I’m processing. I’m being really really honest here. We aren’t Pollyanna’s here – we don’t do trite, this is probably as far from idealistic as I will ever admit to being.
I have one of the worst jobs on the planet to have while pregnant. Early on, there were just a couple of people at work who seemed to understand that. Most people when they hear I’m a special ed teacher and I express my concern over having a special ed kid go “ooooh but you’d know what to expect.”
Yeah, exactly. I’d know what to expect. I know all about the preschool like tantrums thrown by teenagers, I know all about the bruises on the teachers from having to restrain students, I know about the constant snot, the never quite toilet trained 100%, the gross dry desert lizard skin, the verbal outbursts, the booger eating, the bizarre vocalizations, the drooling, the seizures, the bad teeth, the feeding tubes, the failure to communicate, the constant head bobbing or tapping of hands or feet, the outright refusal to move, the social ineptness. Let’s get more honest – these kids often aren’t attractive, then they sometimes get really obese on top of not being attractive to begin with.
I know these things would never really get better, these kids will never be independent, they will never live alone, they will never sit and share stories about crazy shit they did in college, they won’t get married, have kids …. Meanwhile, as much as we all think about having kids, we also think about ourselves – we still want our me time, our we time, we don’t want to be 24 hour caregivers until we die.
I’ve seen children who can’t move on their own, can’t communicate much at all, and can’t eat on their own. Every time I work with a child like this, the song “Pets” goes through my head – you know the one “They’ll make great pets, they’ll make great pets” etc etc. I’m not proud of this, but there it is. I’ve seen parents and grandparents come in with their child pet and it’s sad. And I don’t mean to say these parents are doing a thing uncalled for – they love their child pet just like we love our Rolli, Tavish, Winston, Fran …. all of our pets who we cherish and adore and feed and spoil. These people are doing the very best they can, don’t get me wrong. I mean, I love my cat, but I want a child, not a pet. I look at these children and I feel like somehow we’ve trapped their soul inside this body that wasn’t meant to stay here.

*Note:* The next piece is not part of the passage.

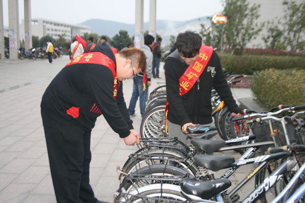 下午4:30,安全10-4班全体同学在三食堂广场集合,由班长对班级同学进行分组并分配工作。本次活动分为A、B两组。A组负责捡垃圾和粘贴发放宣传单,B组负责摆放自行车。活动的主要地点和范围三食堂,二食堂以及镜湖周边。A组由班长何长盛带队,在同学们的积极参与下,将三食堂及二食堂楼下的自行车摆放整齐,并将垃圾清除干净。B组由团支书闫一鸣带队,在三食堂、二食堂及周围宿舍楼下粘贴宣传单,并向过往同学们就包子漫画

I think about Alex and the unknowns that still haven’t worked themselves out. I’m still on conditional love status. I feel him move and I think “I love my boy”. And then I realize that I love an idea. I love this vision of this boy growing inside me, causing me pain, giving me stretch marks and mega boobs. I have conditions on this right now. I have played the game with God of “I can totally handle learning disability, language disorder, hearing loss… there’s a whole bunch of things I can handle, so if you need to give me some kind of burden to carry, any one of those will do – just don’t give me more than I want to handle”.
See that, “more than I want to handle”. How’s that for an honest statement? I don’t want to find out how much I can handle, to hell with that, I’ll put the limitations on what I can handle and you just stick with that God okay? Cuz you know crappy things never happen to us right?
Pausing while y’all laugh your asses off as you think about a broken neck, a two year old with leukemia, a dash of colitis, never knowing your father, wishing you didn’t know your father …..
And then I take all of this and contrast it with Laura’s boy dying the week before he was supposed to be born. Which is a whole other hell that I try to not spend too much time thinking about. Which is the blessing? Which is better? Which would fit more nicely into “what I want to handle”
Where in the hell are the adults who are supposed to be in charge?